On Monday, German Chancellor Angela Merkel, who recently admitted that anti-Semitism in Germany is “more widespread than we imagine,” opened an exhibition of Holocaust art in Berlin featuring 100 works by 50 Jewish Holocaust inmates and survivors, on loan from the Israel’s Holocaust museum, Yad Vashem.

German Chancellor Angela Merkel (center) at an exhibit of Holocaust art on January 25, 2016. (Photo: YouTube)
German Chancellor Angela Merkel (center) at an exhibit of Holocaust art. (Photo: YouTube)

“The millions of individual stories during the Shoah remain deeply rooted in our national conscience,” said Merkel at the opening of the show, using the Hebrew word for the Holocaust.

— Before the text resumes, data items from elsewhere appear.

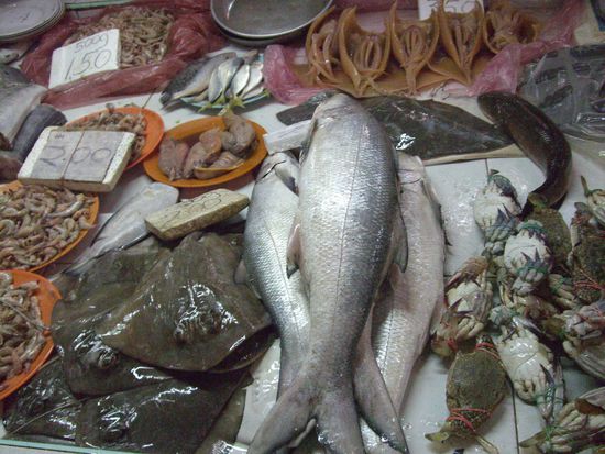 Hier kaufen vor allem Einheimische Obst, Gemuese, Fleisch und Fisch. Sogar Stachelrochen und lebendige Schlangen werden zum Verkauf angeboten!
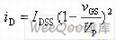 当vDS为某一固定值(例如10V),使iD等于某一微小(例如50mA)时,栅-源极间所加的电压即夹断电压。
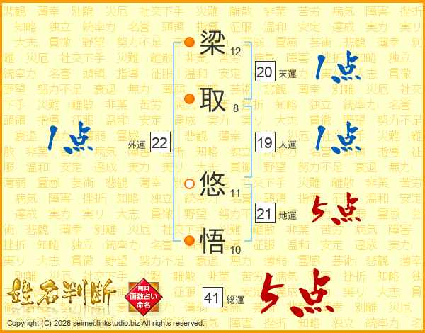 梁(12画)取(8画) 悠(11画)悟(10画)
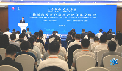 ? ? ? ?下午,作為活動分論壇,無錫市人民政府同址舉辦“生物醫(yī)藥及醫(yī)療器械產(chǎn)業(yè)合作交流會”,來自無錫生物醫(yī)藥和醫(yī)療器械行業(yè)的跨國公司高層、行業(yè)協(xié)會、投行代表近150人齊聚一堂,以“生態(tài)融合 開放共贏”為主題,掀起一場產(chǎn)業(yè)融合發(fā)展的“頭腦風(fēng)暴”,為加快推動我市生物醫(yī)藥產(chǎn)業(yè)集群創(chuàng)新發(fā)展探尋新藍(lán)海、開拓新未來?;萆絽^(qū)泛生子、茵絡(luò)醫(yī)療、時代天使、保諾生物、凱信遠(yuǎn)達(dá)、帕母醫(yī)療等十多位代表企業(yè)負(fù)責(zé)人應(yīng)邀出席。
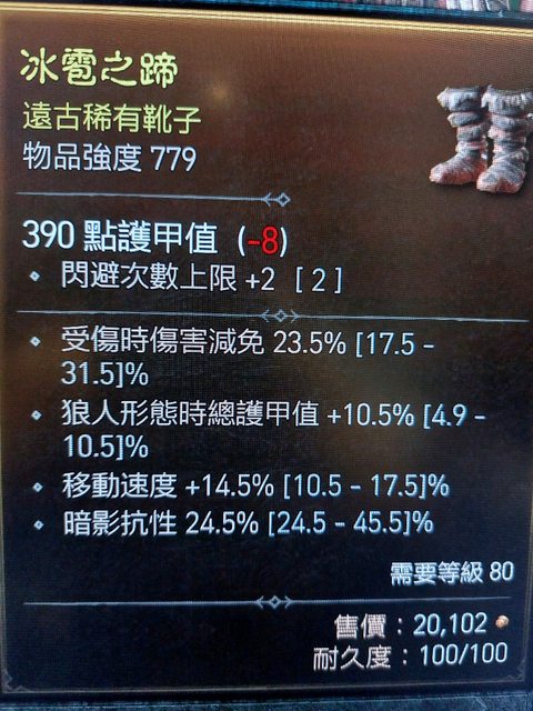 標題[競標] D4s1 鞋子 閃2 頂狼甲 移速 受傷減
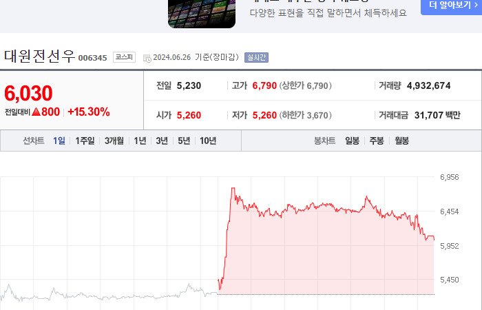 2024.06.26 13:14 / [한경유레카 특징주] 대원전선, 美 전력청 수출 기대-한국경제 / https://n.news.naver.com/mnews/article/015/0005002067

At the site of Auschwitz itself, which was liberated by Allied troops on January 27, 1945, Polish President Andrzej Duda is expected to attend the annual memorial ceremony on Wednesday, along with Croatian president Kolinda Grabar-Kitarovic.

Events and ceremonies marking the day will also take place at UNESCO headquarters in Paris and at the United Nations complex in New York.

Last week, the Vatican issued a statement recognizing International Holocaust Remembrance Day, saying that the day “calls for a universal and ever deeper respect for the dignity of every person.”

A Vatican representative said, “In remembering the Holocaust, we also remember that unless all men and women are recognized as one great family and unless we coexist with both neighbor and stranger, inhumanity awaits us.”